Germany's Federal Network Agency (Bundesnetzagentur) has moved to open up the country's long-distance rail market to greater competition, siding with Italian operator Italo in a dispute against Deutsche Bahn (DB) over access to the country's busiest rail corridors. The Bonn-based regulator's draft decision marks a significant shift in a market that Deutsche Bahn has dominated for decades, controlling more than 90 percent of long-distance rail transport in Germany.
At the heart of the regulator's proposal is a so-called competition clause that would apply specifically to heavily trafficked rail corridors. Under the plan, DB Infrago, the Deutsche Bahn subsidiary responsible for managing rail infrastructure, would no longer be permitted to allocate more than 60 to 75 percent of train slots on these routes to a single company.
The measure is designed to guarantee rival operators a minimum level of access without diverting capacity away from regional or freight services.
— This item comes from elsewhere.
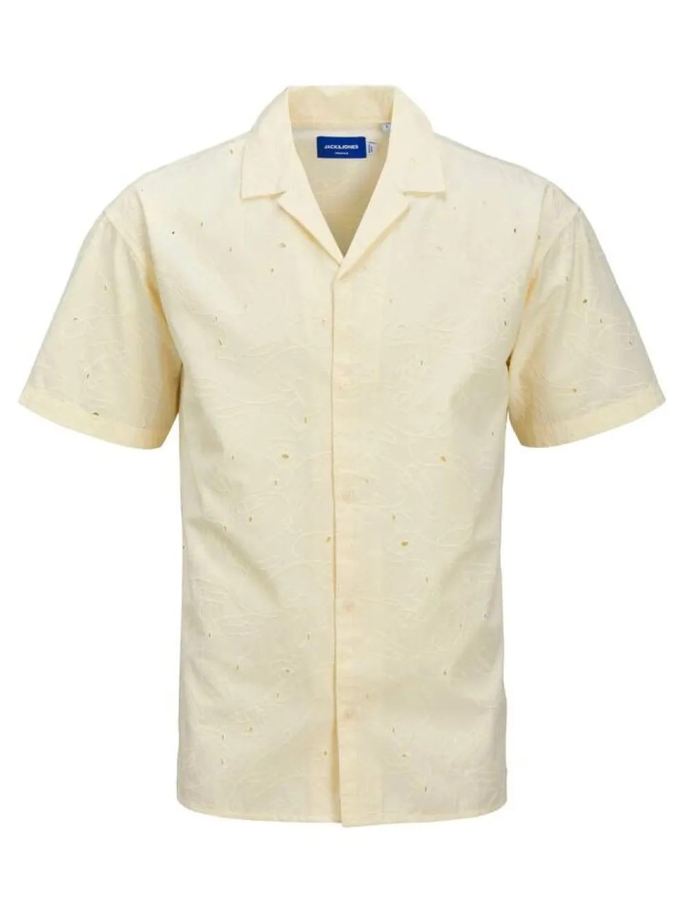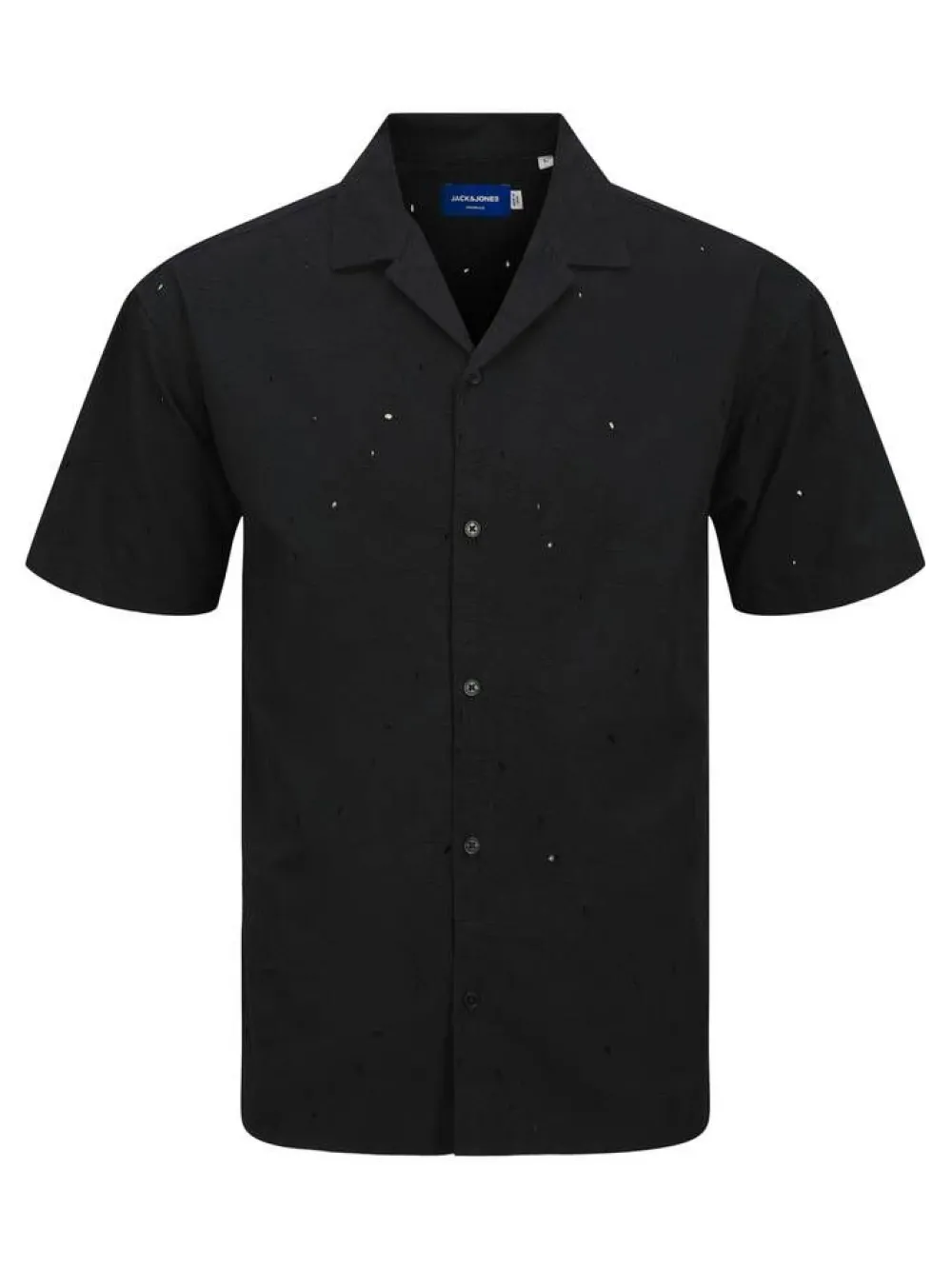 Tyylikäs napillinen paita lyhyillä hihoilla ja taitetulla kauluksella jaquard-kankaasta, jossa on eksoottista kohokuvi…

Notably, the clause would only come into effect in the event of a dispute between operators.
Klaus Mueller, president of the Bundesnetzagentur, explained that competitors such as Italo and the German long-distance bus and rail operator Flix have had to commit substantial sums toward acquiring new trains, yet have previously had no reliable way of knowing whether they would secure enough usage rights on the network to justify that investment.
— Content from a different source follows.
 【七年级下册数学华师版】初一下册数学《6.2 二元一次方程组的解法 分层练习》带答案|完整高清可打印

According to Mueller, the new clause is intended to give these companies the certainty they need while still ensuring "a minimum level of access in long-distance transport" for Deutsche Bahn's competitors.
Italo, backed by its parent company, is preparing to invest 3.6 billion euros (around 4.1 billion dollars) to enter the German market starting in 2028. Italo intends to launch long-distance services on two of Germany's most profitable and heavily used routes: from Munich via Cologne to Dortmund, and from Munich to Berlin.
On the North Rhine-Westphalia route, Italo plans hourly departures, while the Berlin connection would run every two hours. In total, the operator aims to run 56 daily services once it enters the market. The regulator's decision followed a formal complaint lodged by Italo, which had sought to compel DB Infrago to offer it long-term framework contracts for track access.
While the Bundesnetzagentur stopped short of mandating such framework agreements, it opted instead for the broader competition clause as a way to foster market access. In addition to track capacity, DB Infrago would also be required to make station space available to competitors such as Italo for ticket sales and passenger lounges.

Deutsche Bahn welcomed the regulator's decision not to force it into framework contracts with Italo, but warned that the competition clause could worsen existing structural problems around rail junctions and capacity. The company also questioned why lounge space should be regulated in favor of competitors when other station offerings, such as catering, newsstands, or bookshops, are not subject to similar rules.
The railway union EVG voiced sharper criticism. Union chief Martin Burkert argued that allowing competition only on the most lucrative main lines amounts to "cherry-picking," warning that less-demanded destinations such as Schwerin, Jena, or Augsburg could eventually be cut off from the long-distance network. Burkert also criticized Federal Transport Minister Patrick Schnieder, arguing that such a far-reaching decision for Germany's long-distance rail market should not be left to a single regulatory authority alone.
The decision arrives at a difficult moment for Deutsche Bahn, whose network has long been plagued by delays, cancellations, and ageing infrastructure. Those troubles were underscored recently when a radio communications system failure crippled train operations nationwide for several hours, leaving thousands of passengers stranded. Deutsche Bahn has since launched a modernisation drive and is counting on a substantial increase in public infrastructure spending to help turn around its performance.